Voice
Voice is dIKta.me's primary input. Press a hotkey, speak, and the app captures your audio, transcribes it with a Speech-to-Text engine, and (optionally) processes it through an AI model before sending the result somewhere useful.

Voice pairs with almost every output. The same spoken sentence can become dictated text, a refined rewrite, an answered question, a translation, a saved note, or a voice-note appended to an image — depending on which hotkey you press.
How to capture voice
Every voice-driven action uses a global hotkey you can press from any app, at any time. Your cursor stays where it is; the app works in the background.
| Hotkey | Action | Output page |
|---|---|---|
Ctrl+Alt+D | Dictate — voice → formatted text at cursor | Dictate |
Ctrl+Alt+A | Ask — voice question → AI answer in a toast | Ask |
Ctrl+Alt+T | Translate — voice in one language → text in another | Translate |
Ctrl+Alt+N | Note — voice → appended line in your notes file | Note |
Ctrl+Alt+Q | Quick Chat — voice turn in an ongoing conversation | Quick Chat |
All hotkeys are rebindable in Settings → Keyboard Shortcuts.
The Control Panel during voice input
When you trigger a voice action, the floating Control Panel updates in real time:
See all Control Panel states
- Ready — idle, waiting for a hotkey
- Listening — currently recording audio
- Thinking — transcription and AI processing in progress
- Collapsed / Idle Roller — after a period of inactivity the bar shrinks and cycles through status, logo + clock, and weather



Streaming vs. batch
By default, voice runs in batch mode: dIKta.me records until you stop, then sends the whole clip to the STT provider. This is what enables LLM post-processing (Refine, Ask, Translate).
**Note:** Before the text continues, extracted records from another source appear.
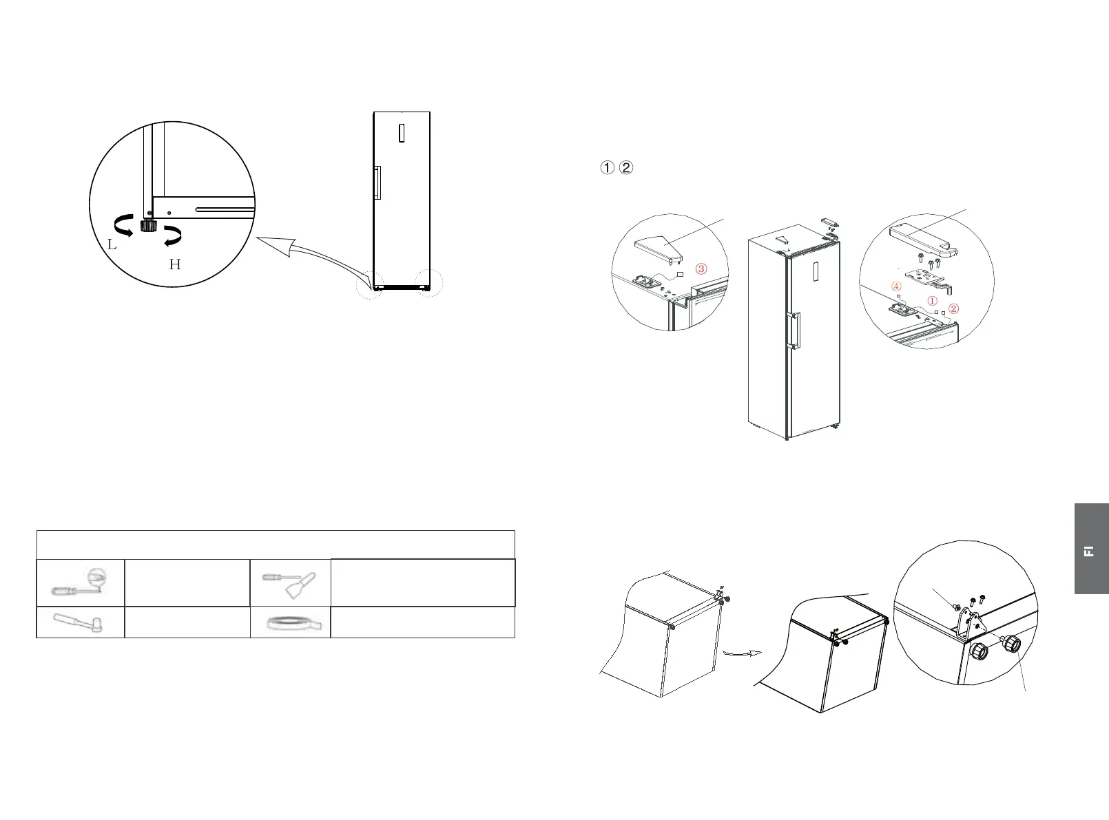 a. Kierrä jalkoja myötäpäivään nostaaksesi pakastinta;
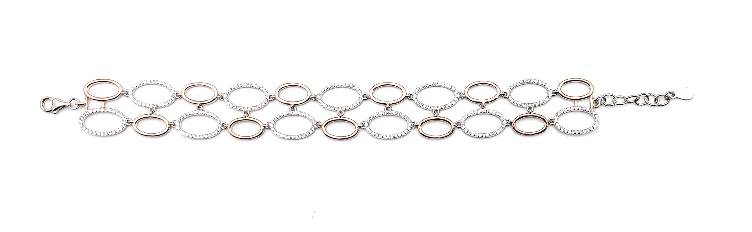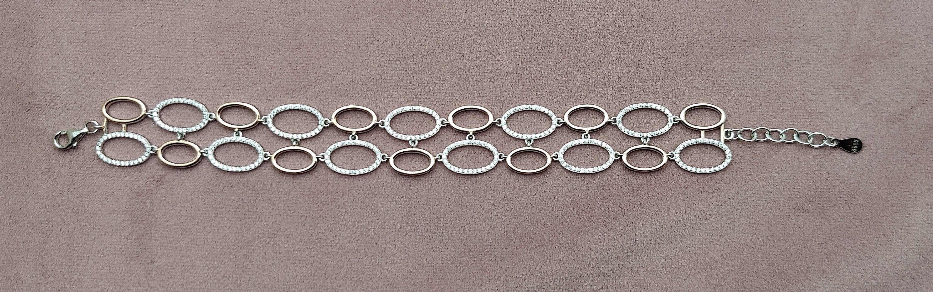 Elevate your style with our stunning Silver Berlin Rose Gold Bracelet for Her. Crafted with precision, this bracelet exudes elegance and sophistication. Its intricate design showcases the perfect blend of silver and rose gold, making it a versatile accessory for any occasion. Add a touch of luxury to your outfit and make a statement with this must-have piece.
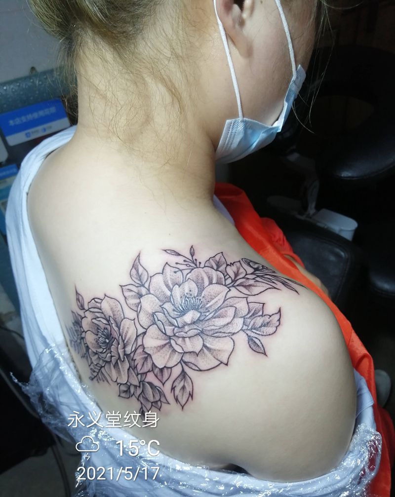 素花纹身图片_肩部胸部点刺水墨纹身图案
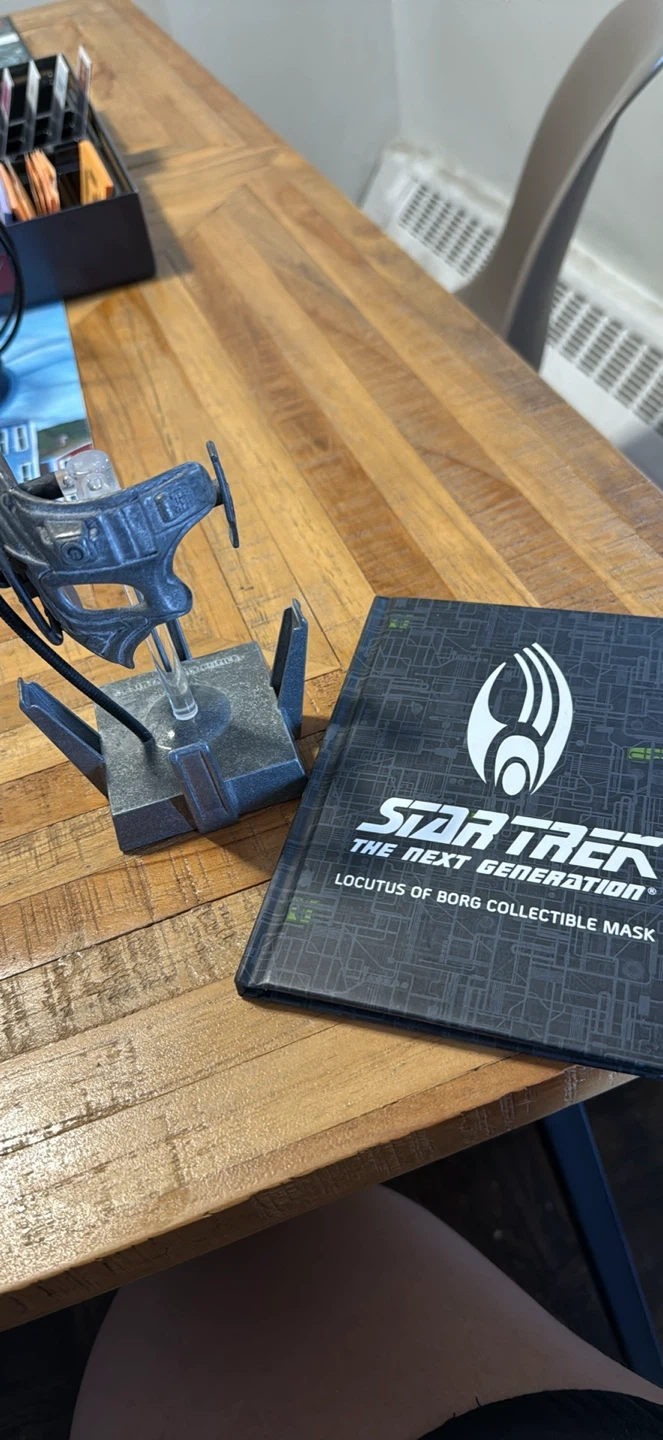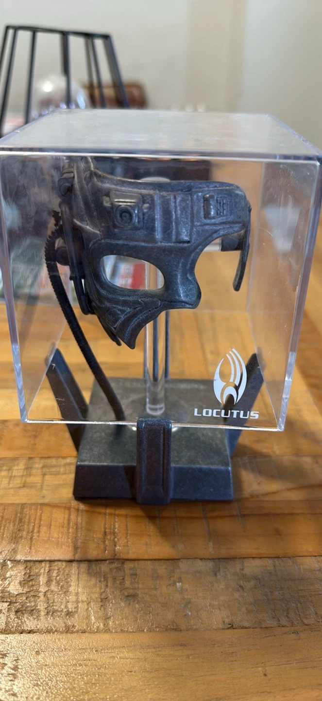 Selling a Star Trek: The Next Generation Locutus of Borg Collectible Mask. It's in great condition and comes with the display stand, and the book. Doesn’t have the box but still turns on and talks

Streaming mode (Deepgram only) sends audio in real time and injects words as you speak. It's faster, but it bypasses LLM formatting — what you say is what lands. Toggle streaming in Settings → AI Engine → Speech-to-Text.
Local vs. cloud voice
Voice input works fully offline if you choose local providers:
- Cloud STT — Deepgram (wallet credits or BYOK)
- Local STT — Whisper running on your machine (no data leaves your computer)
Switch between them per dictation preset in Settings → Dictation Presets, or globally in Settings → AI Engine.